At Alston’s side, his plump, pink-satin-draped viscountess had been examining Adriana’s attire and now shook her head in disapproval, making the three purple ostrich plumes adorning her elaborate coiffure bob wildly. “I am surprised at you, Adriana,” she said. “Such a plain dress to choose, and no jewelry at all. Your mama left her personal jewels betwixt you and dear Miranda, did she not?” Without waiting for a reply, she added, “The pearls at least, I should have thought, and a ring or two more to deck your fingers. Not that the ring Chalford gave you is not exquisite, for of course it is.” She fluttered her sandy lashes at the marquess, then returned her gaze to Adriana, saying more brusquely, “You have a position to uphold, after all.”

“Ah, Sophie, I can never glitter so well as you do,” Adriana replied gently. “I am but a drab moth beside a butterfly, and I know better than to attempt imitation.” She shot a mocking glance at her brother, enjoying herself but thinking, too, that it was as well she would not have to answer to him for that little barb. He was visibly fuming, but she knew he would never reprove her with Chalford at her side. Indeed, he would not wish Sophie to realize that what Adriana had said to her was not a compliment. His wife was very nearly preening herself.

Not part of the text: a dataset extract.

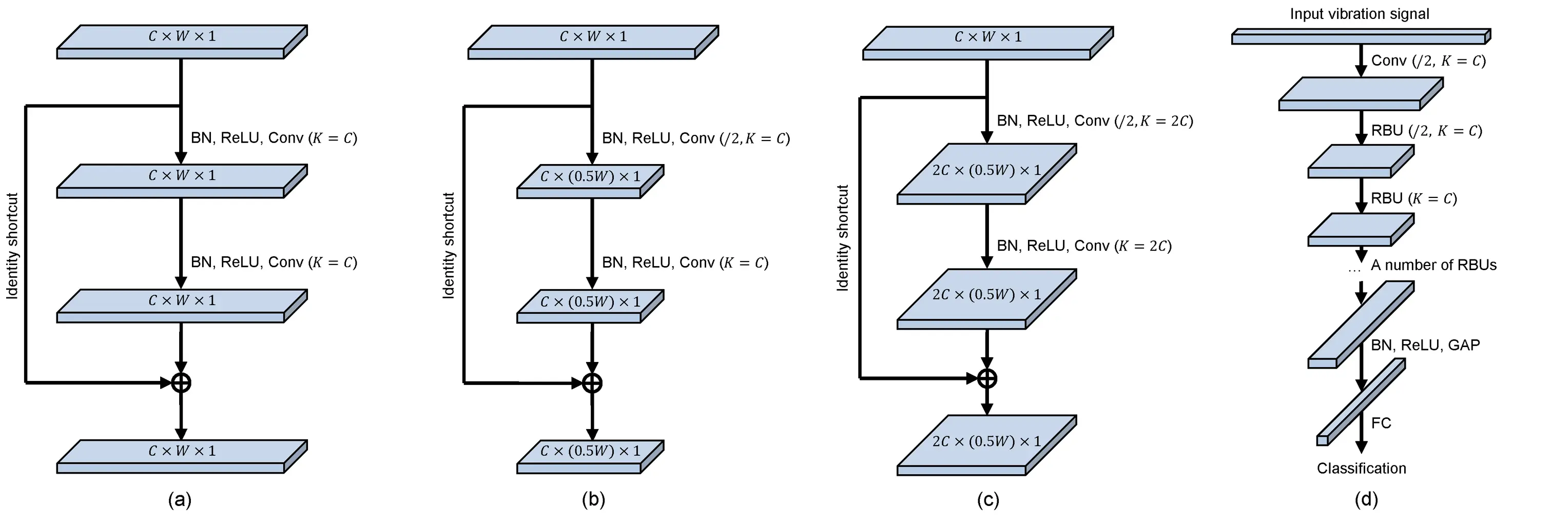 在下图中,(a)-(c)分别是三种残差模块,(d)是深度残差网络的整体示意图。BN指的是批标准化(Batch Normalization),ReLU指的是整流线性单元激活函数(Rectifier Linear Unit),Conv指的是卷积层(Convolutional layer),Identity shortcut指的是跨层的恒等映射,RBU指的是残差模块(Residual Building Unit),GAP是全局均值池化(Global Average Pooling),FC是全连接层(Fully Connected Layer)。
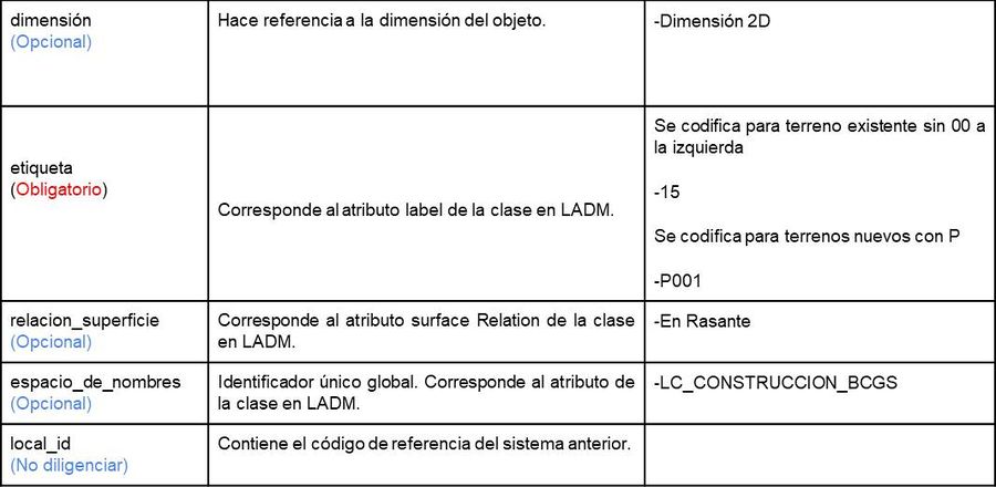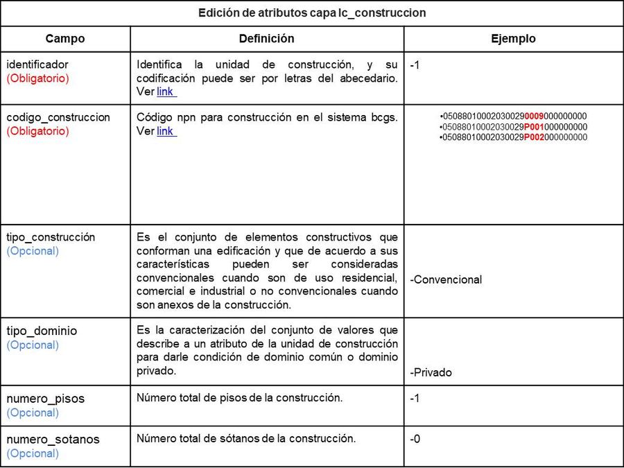 '''Edición de atributos capa construcción:''' En la capa lc_construccion se deben registrar los atributos de los campos descritos a continuación: | '''Edición de atributos capa construcción:''' En la capa lc_construccion se deben registrar los atributos de los campos descritos a continuación: | ||

Behind her, Adriana heard a familiar chuckle, and though it was all but drowned out by the noise of the others in the hall, she knew she must divert her brother’s attention before he noted Miranda’s amusement. Accordingly, she smiled at Alston again and said sweetly, “Thank you for a lovely wedding, Orson dear.” Then, raising her voice above the din, she said, “Do, everyone, stay as long as you like. Alston and Sophie will be distressed if you do not, for there is food and drink to last all the day.”

Cheers greeted her words, and she found her hand clasped more firmly than ever in her husband’s as he urged her toward the tall front doors, which swung wide at their approach. With more cheers and whistling, their friends and relatives made a path for them, then followed them out to the awaiting carriage.

Chalford, grasping Adriana by the waist, easily lifted her into the chaise, then leapt in behind her and signaled the postboys to horse. With a surge, the light, well-sprung vehicle leapt forward as he was latching the door, and Adriana’s last view of the merrymakers made her chuckle. Miranda and Sarah were waving and laughing, but Alston and his lady stood on the topmost step, both looking anxious and rather grim.

Satisfied, the new marchioness leaned back against the squabs. “I hope everyone stays until dawn.”

“You practically ordered them to do so, did you not?” was the calm response.